## What the exercise asks:
The records below are to be restated word for word, with every picture left out.

Records provided: Begin

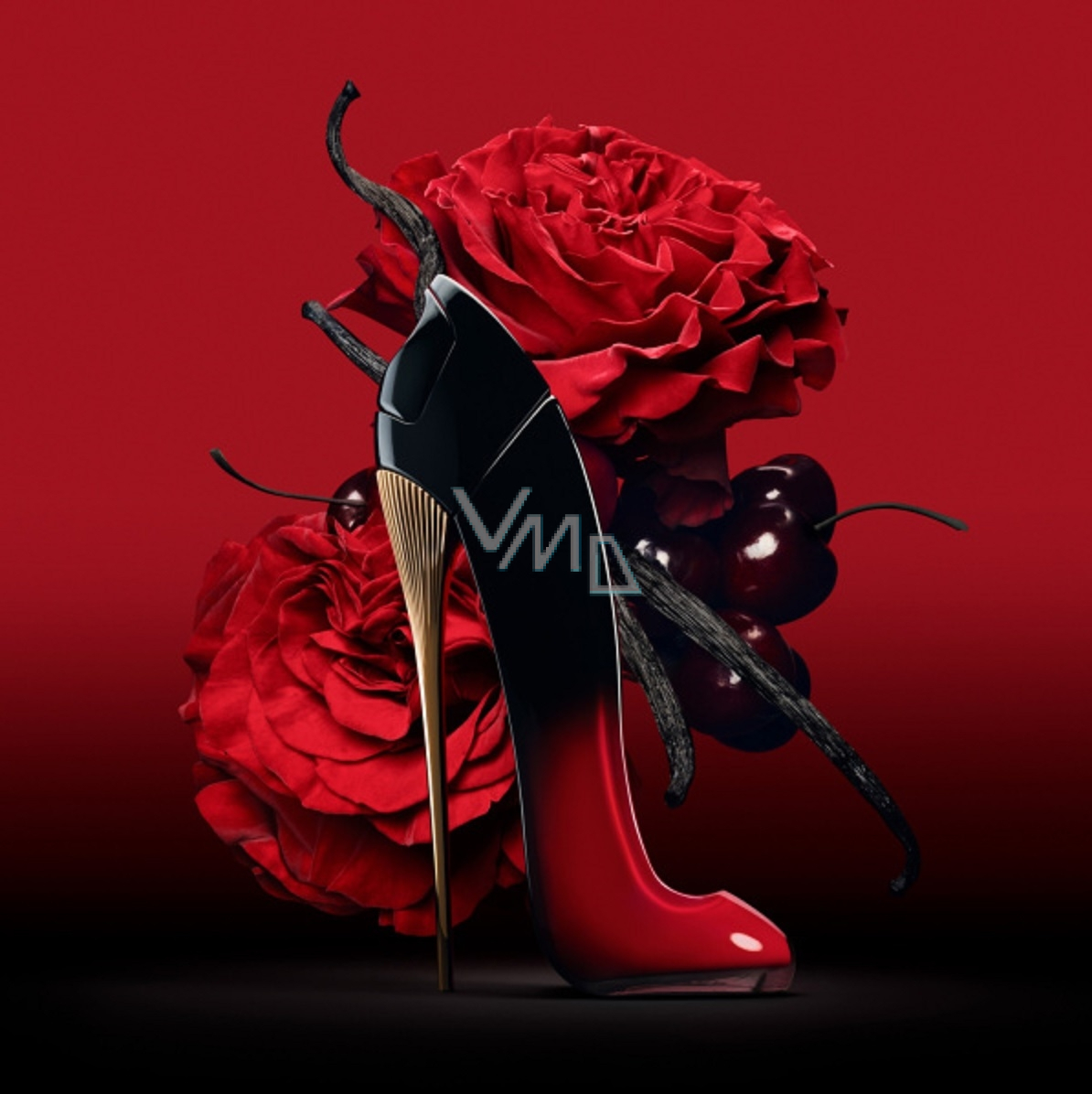 Der Flakon in Form eines High Heels wechselt von leidenschaftlichem Rot zu geheimnisvollem Schwarz, was den kontrastreichen Charakter des Duftes perfekt symbolisiert. Zu Beginn werden Sie von einem Ausbruch saftiger Schwarzkirsche und bitterer Mandeln verzaubert, der sanft in ein opulentes blumiges Herz mit Tuberose und süchtig machendem Rosenwasser übergeht. Die Basis des Duftes bilden wärmende Vanille und zartes Kakao, die dem Parfüm Sinnlichkeit und Tiefe verleihen.
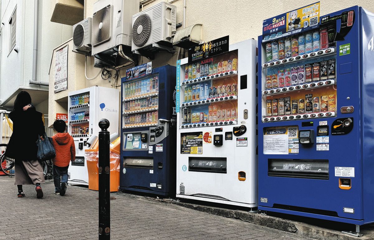 町に並ぶ清涼飲料の自動販売機。近年、少しずつ姿を消している=東京都内
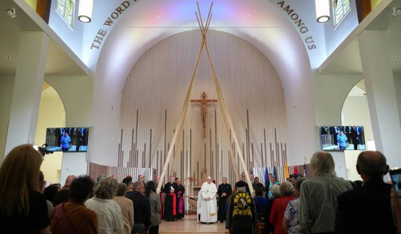 Pápež sa stretol v západnom meste Edmonton s farníkmi z Kostola Najsvätejšieho Srdca prvých národov, čo bolo v nadväznosti na jeho verejné ospravedlnenie za úlohu Cirkvi pri prevádzkovaní internátnych škôl.
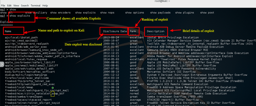 Step 2) Enter "show exploits", this command will provide a comprehensive look at all the exploits available to Metasploit.
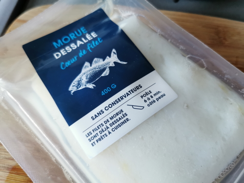 J’ai trouvé ce beau pavé de morue dessalée à GF mais j’arrivais à en trouver à Leclerc au rayon frais mais les morceaux étaient moins beaux. Les poissonniers effectivement n’en font pas. C’est bien pratique lorsque l’on aime ce poisson. J’espère que tu en trouveras.

Records provided: End

## Expected answer:
 Der Flakon in Form eines High Heels wechselt von leidenschaftlichem Rot zu geheimnisvollem Schwarz, was den kontrastreichen Charakter des Duftes perfekt symbolisiert. Zu Beginn werden Sie von einem Ausbruch saftiger Schwarzkirsche und bitterer Mandeln verzaubert, der sanft in ein opulentes blumiges Herz mit Tuberose und süchtig machendem Rosenwasser übergeht. Die Basis des Duftes bilden wärmende Vanille und zartes Kakao, die dem Parfüm Sinnlichkeit und Tiefe verleihen.
 町に並ぶ清涼飲料の自動販売機。近年、少しずつ姿を消している=東京都内
 Pápež sa stretol v západnom meste Edmonton s farníkmi z Kostola Najsvätejšieho Srdca prvých národov, čo bolo v nadväznosti na jeho verejné ospravedlnenie za úlohu Cirkvi pri prevádzkovaní internátnych škôl.
 Step 2) Enter "show exploits", this command will provide a comprehensive look at all the exploits available to Metasploit.
 J’ai trouvé ce beau pavé de morue dessalée à GF mais j’arrivais à en trouver à Leclerc au rayon frais mais les morceaux étaient moins beaux. Les poissonniers effectivement n’en font pas. C’est bien pratique lorsque l’on aime ce poisson. J’espère que tu en trouveras.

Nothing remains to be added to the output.